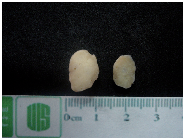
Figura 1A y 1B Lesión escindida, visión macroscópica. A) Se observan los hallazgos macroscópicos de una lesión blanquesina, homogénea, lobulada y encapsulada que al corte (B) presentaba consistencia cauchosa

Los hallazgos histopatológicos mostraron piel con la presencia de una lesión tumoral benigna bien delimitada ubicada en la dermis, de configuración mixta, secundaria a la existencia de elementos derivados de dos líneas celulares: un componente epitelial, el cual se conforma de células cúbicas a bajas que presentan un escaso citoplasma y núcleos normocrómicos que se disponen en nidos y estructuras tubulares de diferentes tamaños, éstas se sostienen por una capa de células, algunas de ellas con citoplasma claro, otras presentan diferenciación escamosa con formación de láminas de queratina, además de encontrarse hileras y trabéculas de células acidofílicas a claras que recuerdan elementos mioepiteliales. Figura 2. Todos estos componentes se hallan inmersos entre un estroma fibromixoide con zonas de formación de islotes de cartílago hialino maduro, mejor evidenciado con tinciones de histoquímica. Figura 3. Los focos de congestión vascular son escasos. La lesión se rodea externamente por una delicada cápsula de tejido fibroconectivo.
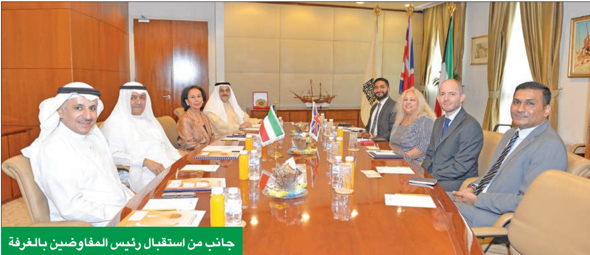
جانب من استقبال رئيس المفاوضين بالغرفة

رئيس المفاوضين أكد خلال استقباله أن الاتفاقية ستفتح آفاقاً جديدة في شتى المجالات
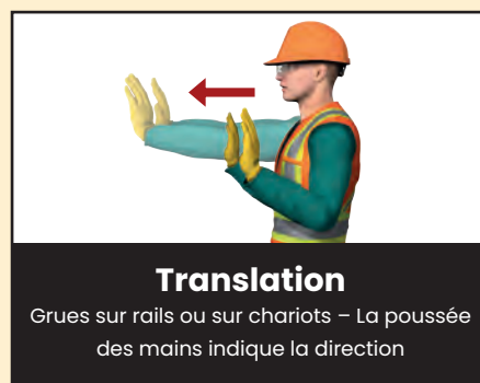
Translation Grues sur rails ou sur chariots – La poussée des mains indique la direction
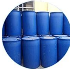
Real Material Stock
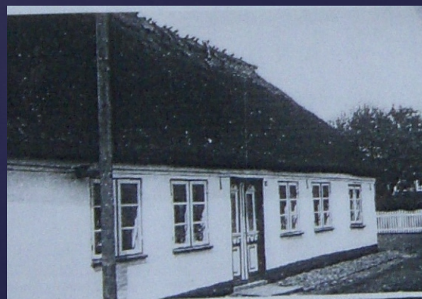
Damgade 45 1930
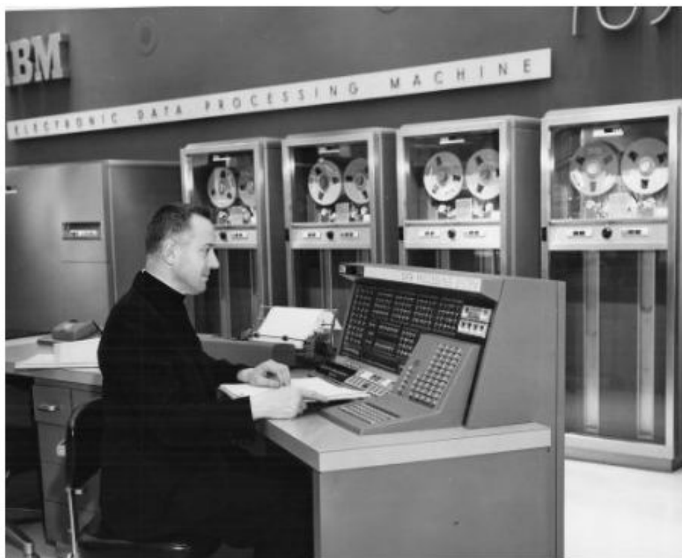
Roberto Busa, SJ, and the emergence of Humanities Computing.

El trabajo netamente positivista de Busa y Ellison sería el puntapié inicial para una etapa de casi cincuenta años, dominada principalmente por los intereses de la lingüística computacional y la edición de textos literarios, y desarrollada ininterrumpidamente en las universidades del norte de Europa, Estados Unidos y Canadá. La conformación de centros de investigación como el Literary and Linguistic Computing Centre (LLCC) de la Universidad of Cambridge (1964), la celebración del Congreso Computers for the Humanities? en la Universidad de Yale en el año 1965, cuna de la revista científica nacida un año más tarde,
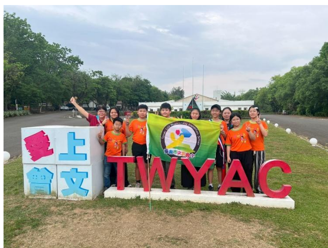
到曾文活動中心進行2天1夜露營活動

* Task details *
Would you reproduce the lines above exactly, without carrying over the pictures?

* Result for this exercise *
Figura 1A y 1B Lesión escindida, visión macroscópica. A) Se observan los hallazgos macroscópicos de una lesión blanquesina, homogénea, lobulada y encapsulada que al corte (B) presentaba consistencia cauchosa

Los hallazgos histopatológicos mostraron piel con la presencia de una lesión tumoral benigna bien delimitada ubicada en la dermis, de configuración mixta, secundaria a la existencia de elementos derivados de dos líneas celulares: un componente epitelial, el cual se conforma de células cúbicas a bajas que presentan un escaso citoplasma y núcleos normocrómicos que se disponen en nidos y estructuras tubulares de diferentes tamaños, éstas se sostienen por una capa de células, algunas de ellas con citoplasma claro, otras presentan diferenciación escamosa con formación de láminas de queratina, además de encontrarse hileras y trabéculas de células acidofílicas a claras que recuerdan elementos mioepiteliales. Figura 2. Todos estos componentes se hallan inmersos entre un estroma fibromixoide con zonas de formación de islotes de cartílago hialino maduro, mejor evidenciado con tinciones de histoquímica. Figura 3. Los focos de congestión vascular son escasos. La lesión se rodea externamente por una delicada cápsula de tejido fibroconectivo.
جانب من استقبال رئيس المفاوضين بالغرفة

رئيس المفاوضين أكد خلال استقباله أن الاتفاقية ستفتح آفاقاً جديدة في شتى المجالات
Translation Grues sur rails ou sur chariots – La poussée des mains indique la direction
Real Material Stock
Damgade 45 1930
Roberto Busa, SJ, and the emergence of Humanities Computing.

El trabajo netamente positivista de Busa y Ellison sería el puntapié inicial para una etapa de casi cincuenta años, dominada principalmente por los intereses de la lingüística computacional y la edición de textos literarios, y desarrollada ininterrumpidamente en las universidades del norte de Europa, Estados Unidos y Canadá. La conformación de centros de investigación como el Literary and Linguistic Computing Centre (LLCC) de la Universidad of Cambridge (1964), la celebración del Congreso Computers for the Humanities? en la Universidad de Yale en el año 1965, cuna de la revista científica nacida un año más tarde,
到曾文活動中心進行2天1夜露營活動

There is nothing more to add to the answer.